V1= (lamda, -1/2 , - 1/2 ) V2= (-1/2, lamda, -1/2 )
V3= (-1/2, -1/2, lamda)
2006-12-18 18:09:08 · 4 answers · asked by JAC 3 in Science & Mathematics ➔ Mathematics
It should say, for "Form" not for...
2006-12-18 18:10:58 · update #1
Let's just write it as L, shall we?
The will be linearly dependent iff the determinant of the matrix with these vectors as rows (or columns, it doesn't matter) is zero.
You should know how to get the determinant of a 3x3 matrix.
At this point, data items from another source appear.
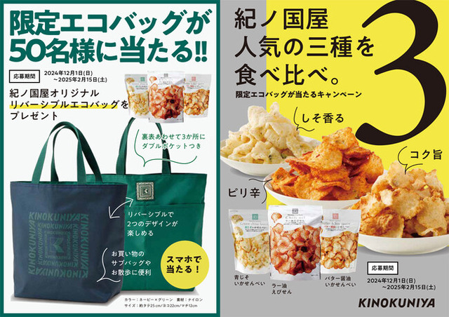 株式会社紀ノ國屋は、2024年12月1日 (日)から2025年2月15日(土)までの期間、「ラー油えびせん・いかせん食べ比べセット」をご購入いただいたお客さまを対象にした「紀ノ国屋人気の三種を食べ比べ(限定エコバッグが当たる)キャンペーン」を開催中です。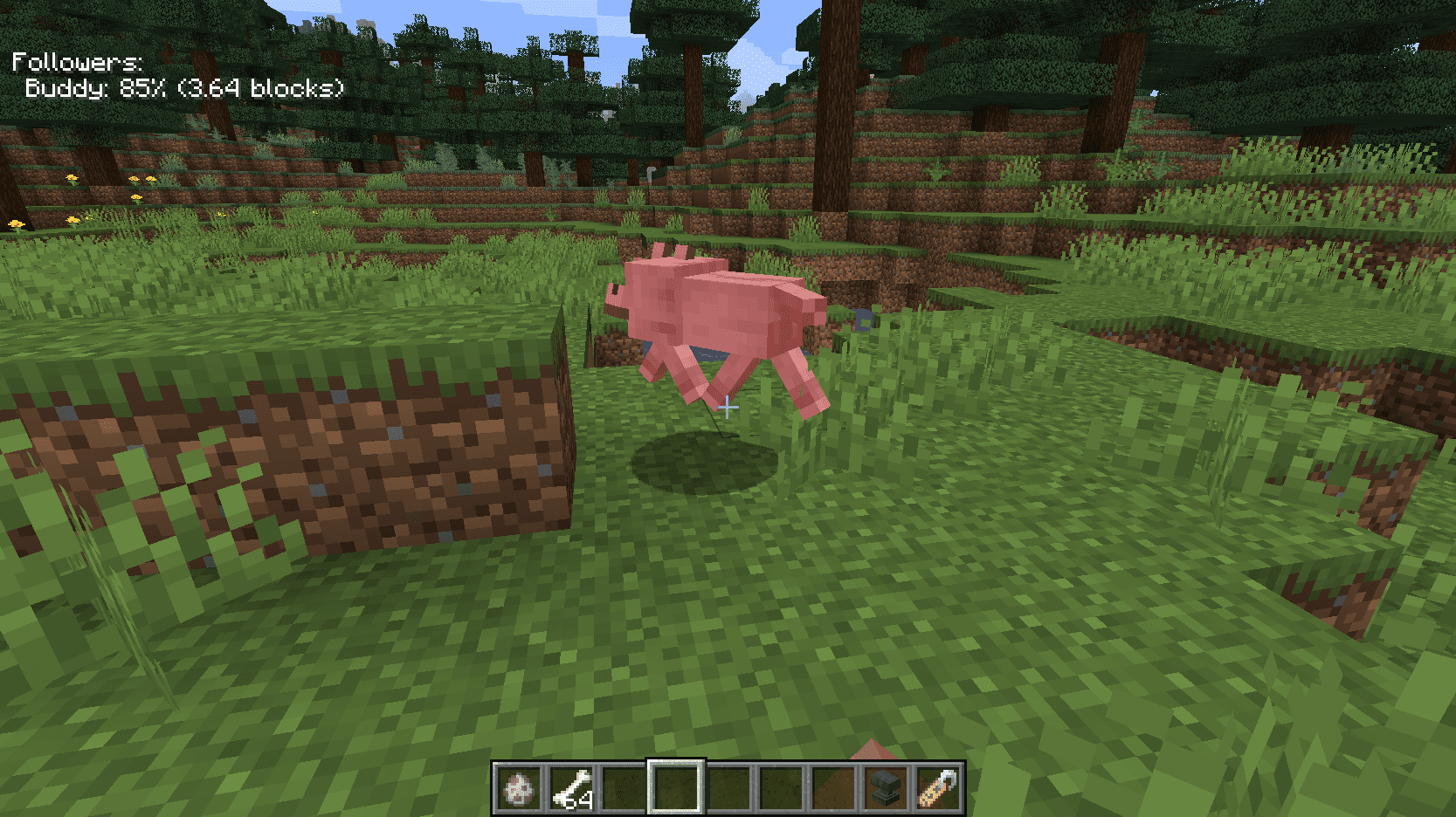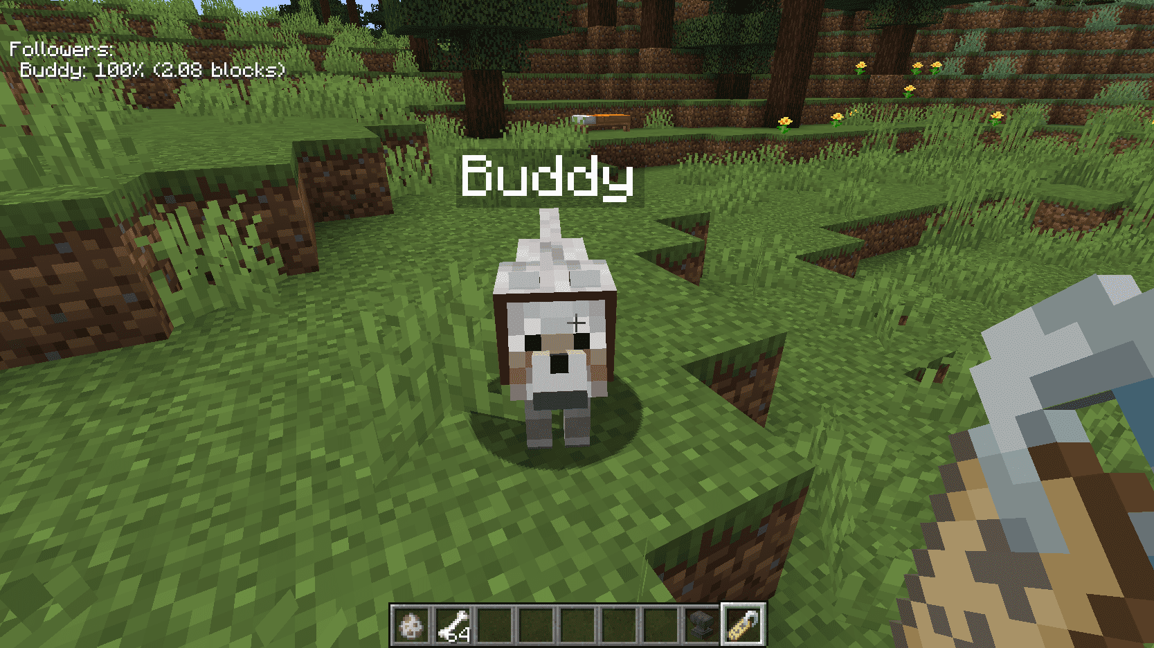 - IT also shows the health of the follower as a percentage, and how many blocks it is away from the player.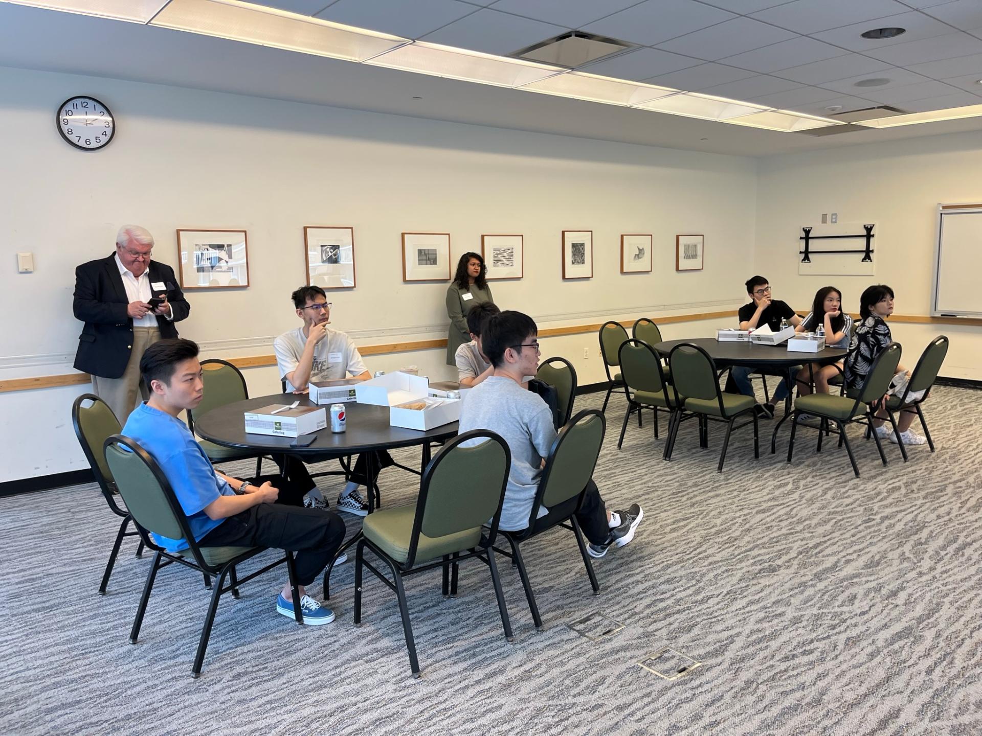 2022年7月12日中午,由西财会计学(中外合作办学)专业合作的外方院校——纽约城市大学巴鲁公司举办的线下午餐会在巴鲁公司教学楼顺利举行。本次午餐会邀请到了巴鲁公司公司副董事长Mary Gorman、杰克林商公司经理Fenwick Huss、副经理Kannan Mohan、会计系主任Donald Byard教授、商公司国际项目专员颜榕老师以及其他公司有关部门教师出席,全体2019级会计学(中外合作办学)专业已在纽约的同学参加。此次午餐会的举办旨在进一步增强2019级会计学(中外合作办学)专业已赴美同学对巴鲁公司设施、部门设置、学业问题、在美生活等方面的了解;增进老师与同学们的交流与感情,建立沟通桥梁;同时在线下面对面再次欢迎同学们的到来并奉上美好祝福。

Briefly, add products on the three down-and-right diagonals, and subtract products on the down-and-left diagonals, assuming that you wrap around if you go off the left or right edge. Thus for
| a b c |
| d e f |
| g h i |
we get aei + bfg + cdh - afh - bdi - ceg.
In this case the determinant is L^3 + 1/8 + 1/8 - L/4 - L/4 - L/4
= 1/4 (4L^3 - 3L + 1)
= 0 <=> 4L^3 - 3L + 1 = 0.
From inspection L = -1 is a solution, so we have
4L^3 - 3L + 1 = (L + 1) (4L^2 - 4L + 1)
= (L + 1)(2L - 1)^2
So the vectors are linearly dependent for L = -1, 1/2.
2006-12-18 18:22:45 · answer #1 · answered by Scarlet Manuka 7 · 0⤊ 0⤋
Please note that V1, V2 and V3 are linearly dependent only if they are coplanar and if 3 vectors are coplanar, their scalar triple product must be zero.
that is,
V1.(V2 X V3)=0
Proof: Since V2 X V3 is perpendicular to both V2 and V3 and since V1, V2, V3 are coplanar, is perpendicular to V1 too. The dot product of 2 perpendicular vectors must be zero. Hence the result.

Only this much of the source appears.